In diesem Beitragsformat nehme ich euch mit durch meine Therapiestunden. Der Weg führt einmal durch meinen Kopf, durch mein Herz und bis auf den Grund meiner Seele. In Auszügen teile ich hier meine Gedanken, Erfolge und Misserfolge in der Therapiearbeit, die ich in meinem persönlichen Therapietagebuch festhalte.
Triggerwarnung: In diesem Beitrag geht es u.a. um Depressionen, Essstörung, Kontrollzwang und chronische Erkrankungen bzw. chronische Schmerzen.
Mit dem Cityflitzer stehe ich an einer schlecht einsehbaren Kreuzung und warte auf das Ende der Autoschlange, so dass ich endlich abbiegen kann. Die Schlange ist lang und während ich warte, gleitet mein Blick zu den Bäumen am Straßenrand. Die grünen Wipfel wiegen sich im Wind und plötzlich fährt eine zarte Frühherbstböe zwischen das Geäst.
Ein kleines Blättermeer segelt sanft in Richtung Boden und gelbe, grüne und braune Blatttöne mischen sich mit der goldenen Septembersonne zu einem fließenden Teppich aus Licht.
Eine kurze Wehmut zieht mir durchs Herz und ich denke an ein Zitat, das ich neulich irgendwo gelesen habe: Der Herbst ist der Frühling des Winters.
Die Hoffnung ist zurück, ich weiß, dass heute ein guter Tag sein wird.
Ich parke in der Nähe der Praxis meiner Therapeutin und beim Öffnen der Hoftür kommt mir der alte Mann entgegen, den ich auch schon letzte Woche in der Praxis getroffen habe. Zerstreut schlängelt er sich eilig an mir vorbei.
Ein paar Minuten später sitze ich in dem großen türkisenen Sessel und blicke in die freundlichen Augen meiner Therapeutin.
In der folgenden Stunde sprechen wir über meine erhöhte Sensitivität bei körperlichen Missempfindungen. Sie sind Teil meines Krankheitsbildes und beschreiben die Somatisierungsstörung, unter der ich leide.

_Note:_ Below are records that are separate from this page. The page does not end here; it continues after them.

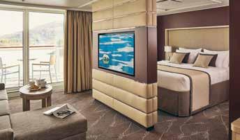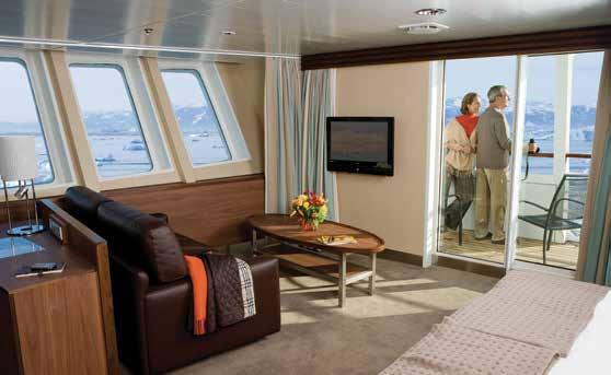 CATEGORY 6: Veranda Deck–Suite #101, 102 Cabins face outside with three large windows and feature a separate seating area and pull-out sofa. Upper Deck-Suite #213 Cabin faces outside with a private balcony and features a separate seating area.
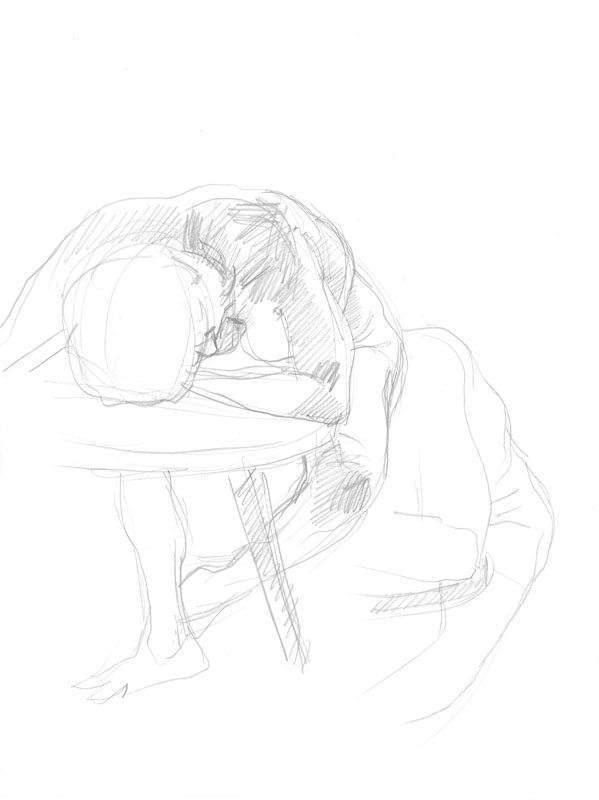 Die Trinkerin; 1980; Maße: 37 x 34 cm; Graphik: Handzeichnung; Bleistift auf Zeichenpapier (Skizze zum gleichnamigen Gemälde)
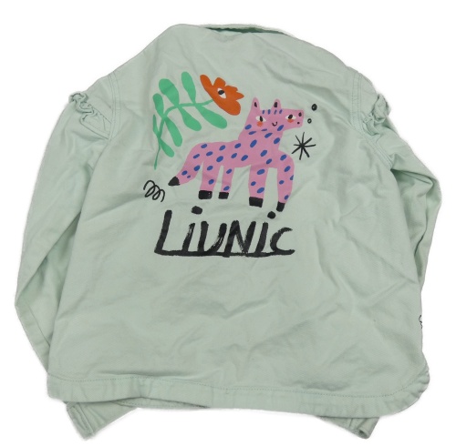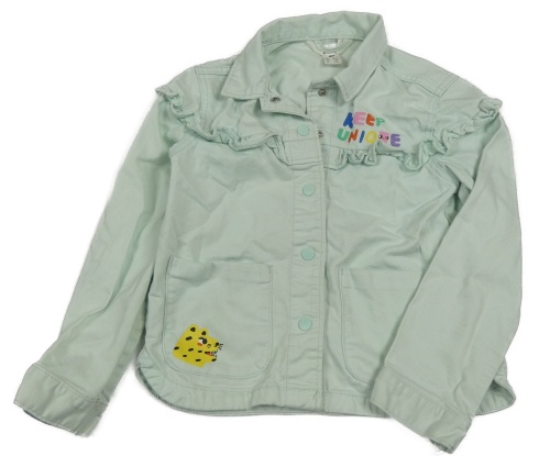 Mátová riflová bunda s nápisy a zvířátky a volánky H&M
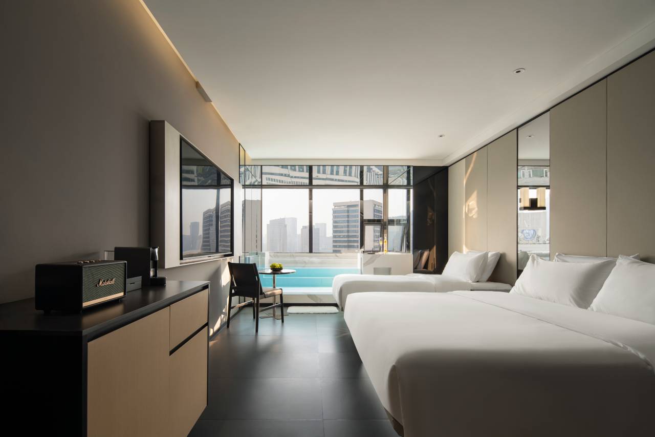 客房里,黑白床品衬着城市夜景,开放式台面上立着Appelles的黑管洗护,Marshall音箱的复古纹路藏着慵懒。拿索尼微单取景,镜头里是玻璃墙的光影、桌上的贴画电脑,连空气里都裹着松弛——是把精致揉进日常的舒服。

Es ist ein beschriebenes Krankheitsbild, bei dem Betroffene (Frauen erkranken übrigens doppelt so häufig wie Männer) Symptome empfinden, die keiner körperlichen Krankheit zugeordnet werden können. Die Symptome treten regelmäßig oder random auf, springen zwischen den verschiedenen Körpersystemen (z.B. Magen/Darm und Herz/Kreislauf) mitunter hin und her und sind für Betroffene wahnsinnig verunsichernd.
Nicht selten werden (vor allem Frauen) von den behandelnden Ärzt:innen nicht ernst genommen und als Hypochonder oder die Beschwerden als Stressgemengelage abgetan.

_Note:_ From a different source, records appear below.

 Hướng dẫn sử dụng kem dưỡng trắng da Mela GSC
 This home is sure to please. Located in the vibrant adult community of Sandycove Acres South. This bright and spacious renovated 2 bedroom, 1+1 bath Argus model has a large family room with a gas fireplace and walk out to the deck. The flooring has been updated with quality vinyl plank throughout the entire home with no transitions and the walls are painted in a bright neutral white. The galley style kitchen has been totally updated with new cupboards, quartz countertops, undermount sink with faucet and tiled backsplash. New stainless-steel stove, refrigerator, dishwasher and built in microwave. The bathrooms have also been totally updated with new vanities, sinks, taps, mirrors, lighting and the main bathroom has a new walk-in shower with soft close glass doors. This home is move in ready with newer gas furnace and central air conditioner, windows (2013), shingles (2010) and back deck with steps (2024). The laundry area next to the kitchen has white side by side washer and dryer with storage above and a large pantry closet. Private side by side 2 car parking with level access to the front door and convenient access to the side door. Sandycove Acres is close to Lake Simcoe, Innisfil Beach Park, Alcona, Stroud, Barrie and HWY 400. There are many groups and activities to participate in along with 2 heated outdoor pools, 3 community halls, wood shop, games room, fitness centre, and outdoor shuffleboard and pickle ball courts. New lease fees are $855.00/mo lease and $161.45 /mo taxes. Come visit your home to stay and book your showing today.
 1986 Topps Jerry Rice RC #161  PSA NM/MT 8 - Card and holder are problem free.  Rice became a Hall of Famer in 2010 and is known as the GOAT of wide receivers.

Die Symptome sind jedoch real und das Leiden ist echt, nur die Ursache lässt sich manchmal eben einfach nicht finden.
In meinem Fall kann ich von dauerhaften Verdauungsbeschwerden berichten, die direkt nach einer Bauch-OP angefangen haben. Im Juli 2020 wurde mir wegen einer Entzündung des Organs die Gallenblase entfernt. Statt Erleichterung hatte ich fortan täglich: schmerzhafte Blähungen, Magen- und Darmkrämpfe, Verstopfung, Durchfall, Völlegefühl, Übelkeit, Erbrechen und Appetitlosigkeit. Zeitweise war es so schlimm, dass ich mehrfach einen Krankenwagen rufen musste, weil die Schmerzen nicht mehr auszuhalten waren. In der Notaufnahme stellten sie Verbrennungen zweiten Grades an meinem Bauch fest, weil ich mir die nackte Wärmflasche, mit kochendem Wasser befüllt, über Wochen auf die gleiche Stelle gelegt habe, um ein wenig Linderung zu bekommen.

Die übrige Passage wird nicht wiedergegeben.